▸ TASK DIRECTIONS:
Would you please copy all of the data exactly, skipping the images?
[Opening SUPPLIED DATA section]
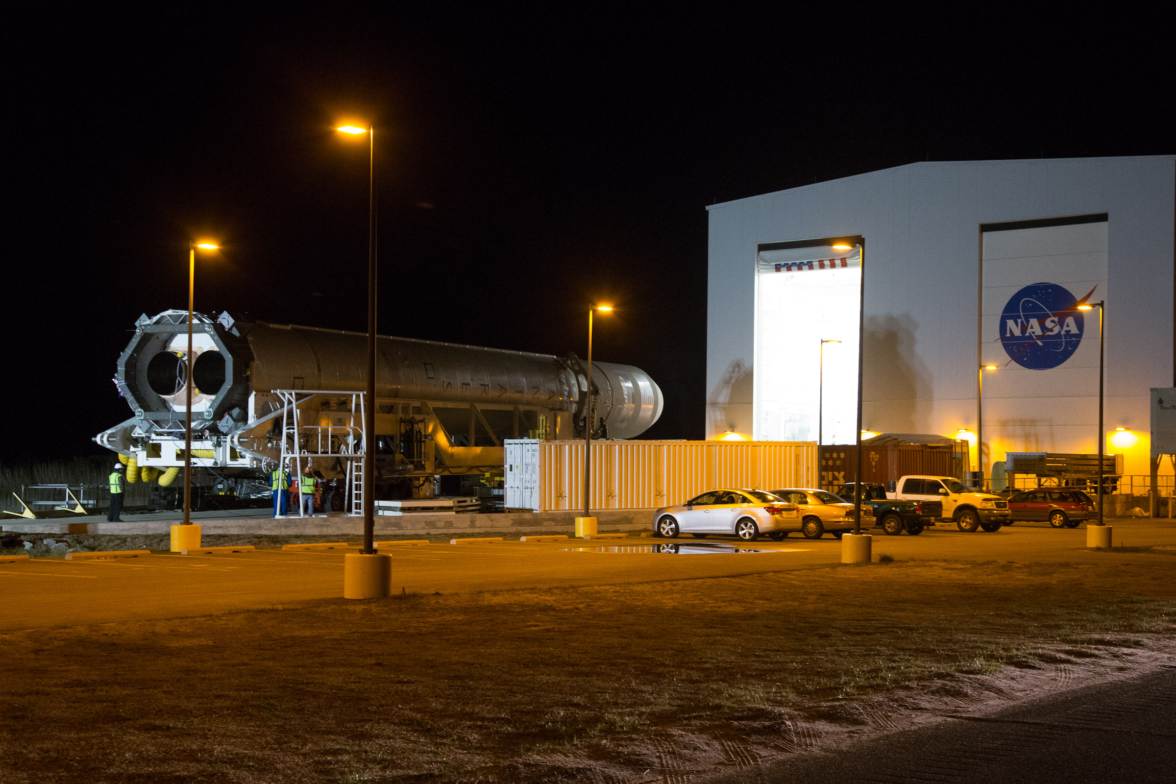 WALLOPS ISLAND, Va.—Orbital Sciences Corp. completed roll-out of the first fully-integrated Antares rocket to the Mid-Atlantic Regional Spaceport Pad-0A at NASA's Wallops Flight Facility on Saturday, April 6. Orbital has confirmed an April 17 target launch date for the rocket test flight with a planned liftoff of 5 p.m. EDT. Orbital is testing the Antares rocket under NASA's Commercial Orbital Transportation Services (COTS) program. NASA initiatives like COTS are helping develop a robust U.S. commercial space transportation industry with the goal of achieving safe, reliable and cost-effective transportation to and from the space station and low-Earth orbit.
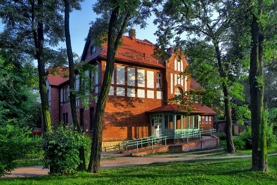 Public Library in Czerwionka (Rybnik county, Poland). Built around 1900, renovated in 2010.
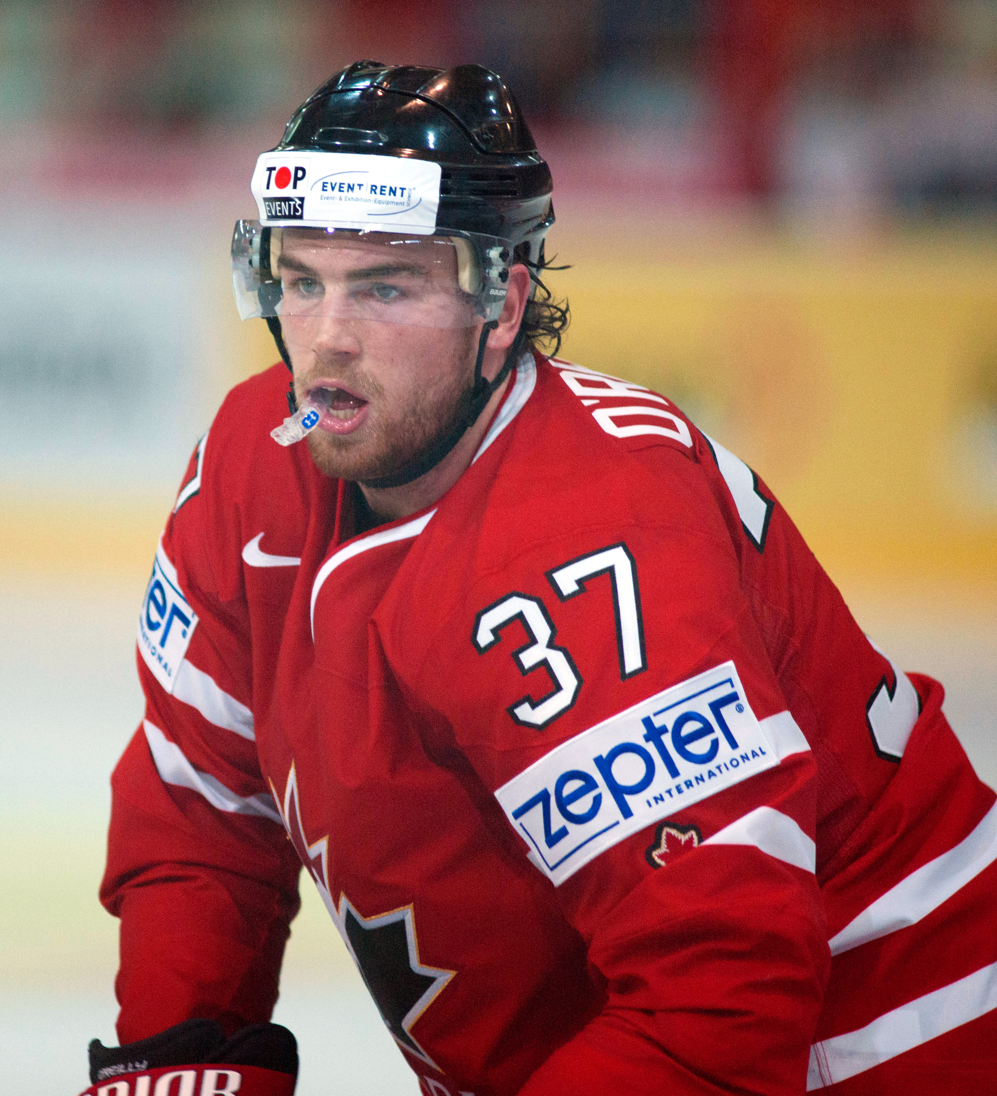 Switzerland vs. Canada, 29th April 2012
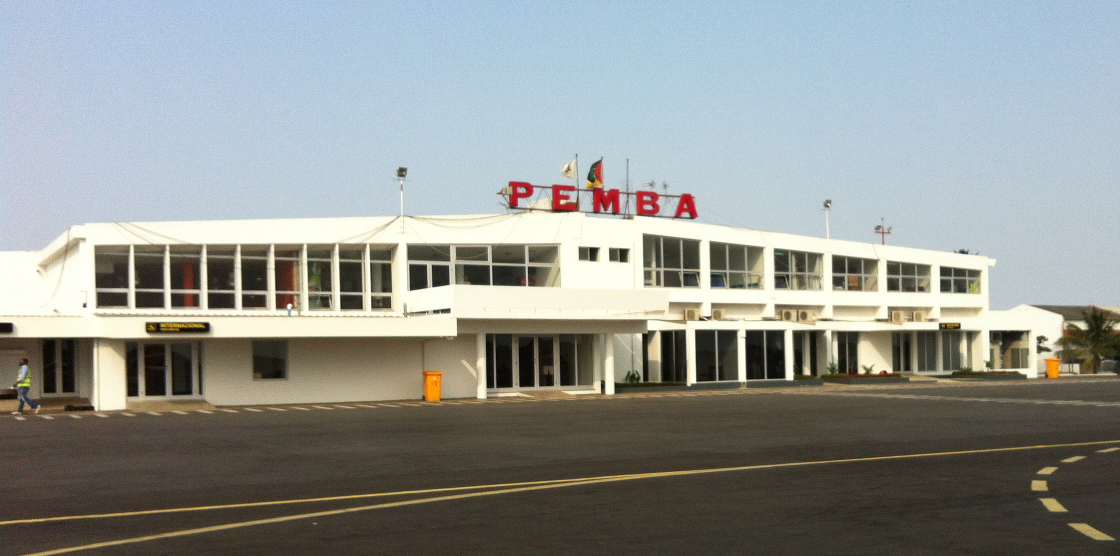 View of the Pemba, Mozambique airport terminal
[Closing SUPPLIED DATA section]
▸ YOUR SOLUTION:
 WALLOPS ISLAND, Va.—Orbital Sciences Corp. completed roll-out of the first fully-integrated Antares rocket to the Mid-Atlantic Regional Spaceport Pad-0A at NASA's Wallops Flight Facility on Saturday, April 6. Orbital has confirmed an April 17 target launch date for the rocket test flight with a planned liftoff of 5 p.m. EDT. Orbital is testing the Antares rocket under NASA's Commercial Orbital Transportation Services (COTS) program. NASA initiatives like COTS are helping develop a robust U.S. commercial space transportation industry with the goal of achieving safe, reliable and cost-effective transportation to and from the space station and low-Earth orbit.
 Public Library in Czerwionka (Rybnik county, Poland). Built around 1900, renovated in 2010.
 Switzerland vs. Canada, 29th April 2012
 View of the Pemba, Mozambique airport terminal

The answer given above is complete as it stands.